No Affiliate Benefits Sample Clauses

No Affiliate Benefits. Without the prior written consent of Lender, neither Principal nor its affiliates shall directly receive any economic benefit from any Investment originated pursuant to this Agreement other than as contemplated by this Agreement. Notwithstanding this or any other provision of this Agreement, neither Principal nor its affiliates shall be precluded from engaging with Lender or its affiliates in other transactions or receiving compensation, fees or reimbursements pursuant to separate contracts for other services or transactions with Lender or its affiliates as may be agreed to by Lender or its affiliates. Further, nothing in this Agreement shall prevent Principal or any of its affiliates from (i) providing similar services to and on behalf of its own account(s) or to any third party; (ii) owning or investing in any property or any investment that is similar to Investments desired by Lender; or (iii) making investments with borrowers for its own account as well as for third parties which borrowers are the same or related to the borrowers on Investments desired by Lender.
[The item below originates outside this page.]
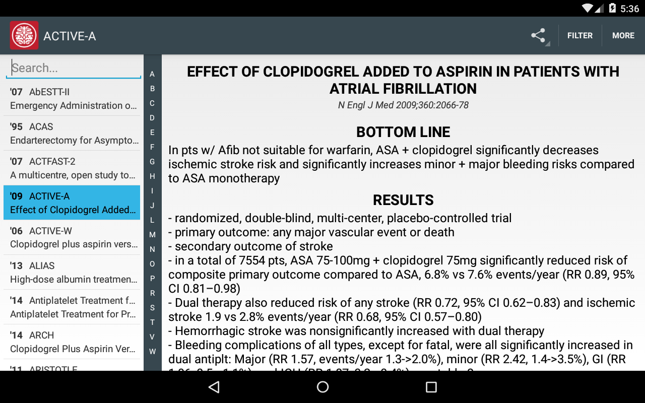 This app is a compilation of landmark articles in vascular neurology intended for quick reference. Clicking on a study, like WARSS, leads you to a brief outline of the bottom line, results, limitations, as well as a link to the original article. Articles are listed alphabetically and may be searched by tagged keywords using the filter option in the top right corner. Click on the “more” section for an anti-thrombotics reference. The app is updated periodically with additional trials.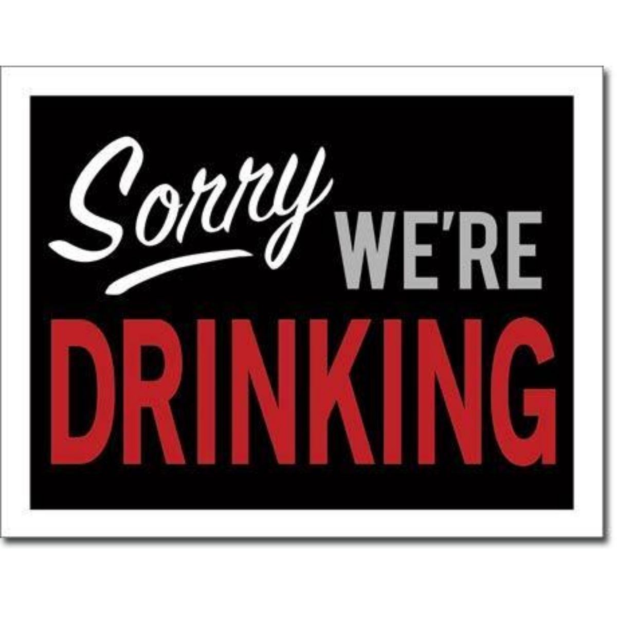"Sorry We're Drinking" metal pub bar sign. 12 1/2" X 16" with pre-drilled holes for mounting.Â

Further, Principal and any affiliate may service any such investment under a servicing agreement with such other party. Notwithstanding any provision hereof to the contrary, Principal agrees to fully disclose to Lender the interest of Principal or any affiliate of Principal in any Investment presented to Lender for consideration. As used herein, an “affiliate” of a party shall mean any individual or entity (including without limitation any corporation, limited liability company, partnership or joint venture) that, directly or indirectly through one or more intermediaries, controls or is controlled by or is under common control with such party.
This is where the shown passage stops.